# Significance

## Inference for Other Estimators

* Any **nearly normal sampling distributions**
    * Sample mean $\bar{x}$
    * Difference between sample means $\bar{x}_1 - \bar{x}_2$
    * Sample proportion $\hat{p}$
    * Diffefference between sample proportions $\hat{p}_1 - \hat{p}_2$
* **Unbiased estimator**
    * An important assumption about the point estimates is that they're unbiased, i.e. the sampling distribution of the estimate is centered at the true population parameter it estimates.
    * An unbiased estimate does not naturally over or underestimate the parameter but instead it provides a good estimate. 
    * We know that the sample mean is an example of an unbiased point estimate.
    
### Confidence Intervals
* **Confidence intervals** for nearly normal point estimates
    $$ \text{point estimate} \pm z^{\star} \times SE $$
    
### Hypothesis Testing
* **Hypothesis testing** for nearly normal point estimates
    $$ Z = \frac{\text{ point estimate } - \text{ null value }}{SE} $$

**Example**
* A 2010 Pew Research foundation poll indicates that among 1,099 college graduates, 33% watch the Daily Show. An American late-night TV Show.

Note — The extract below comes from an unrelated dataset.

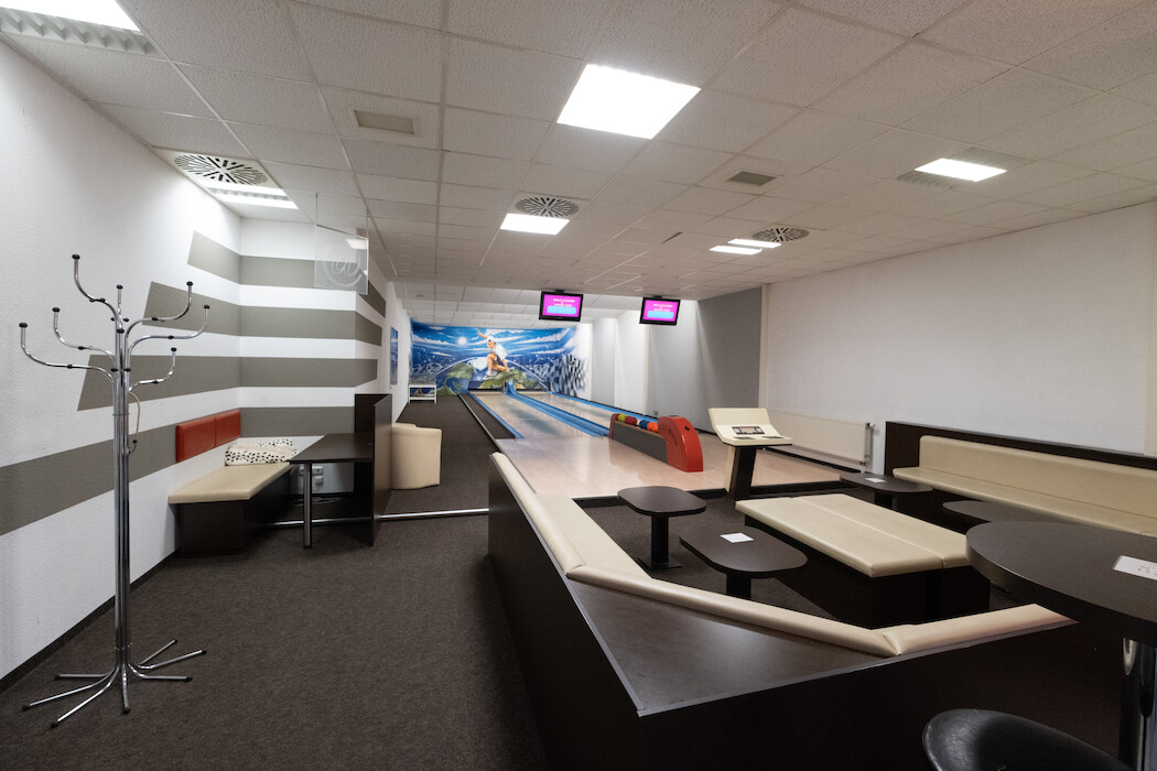 Neben großzügigen Sportbereichen bietet das Objekt voll ausgestattete Bowlingbahnen, Squash- und Badminton-Courts, eine Soccer Anlage, Tennisplätze (Indoor) eine Sauna- und Wellnesslandschaft, moderne Aufenthaltsräume, ein Gastronomiekonzept mit Sitzbereichen und Außenterrasse, sowie eine Fitnessfläche mit modernen Geräten.

The standard error of this estimate is 0.014. 
* We are asked to estimate the 95% confidence interval for the proportion of college graduates who watch The Daily Show.

In [1]:
p <- 0.33
se <- 0.014

p + 1.96 * se
p - 1.96 * se

**Example**

* The 3rd national health and nutrition examination survey NHANES, collected body fat percentage and gender data from over 13,000 subjects in ages between 20 to 80. The average body fat percentage for the 6,580 men in the sample was 23.9%. And this value was 35% for the, for the 7,021 women. The standard error for the difference between the average male and female body fat percentages was 0.114. 
* Do these data provide convincing evidence that men and women have different average body fat percentages? You may assume that the distribution of the point estimate is nearly normal. 

In [11]:
# H0: mu_men = mu_women -> mu_men - mu_women = 0
# H1: mu_men = mu_women -> mu_men - mu_women != 0

# Point estimate
# mu_men - mu_women
(p <- 23.9 - 35)

mu <- 0
se <- 0.114

(z <- (-11.1 - 0)/0.114)

(p_value <- pnorm(z) * 2)

# Reject the null hypothesis.

## Decision Errors

* **Type I error** ($\alpha$) is rejecting the H0 when H0 is true. (Declaring the defendant guilty when they are actually innocent.)
* **Type II error** ($\beta$) is failing to reject H0 when HA is true. (Declaring the defendant innocent when they are actually guilty.)
* **Power** ($1 - \beta$) of a test is the probability of correctly rejecting H0.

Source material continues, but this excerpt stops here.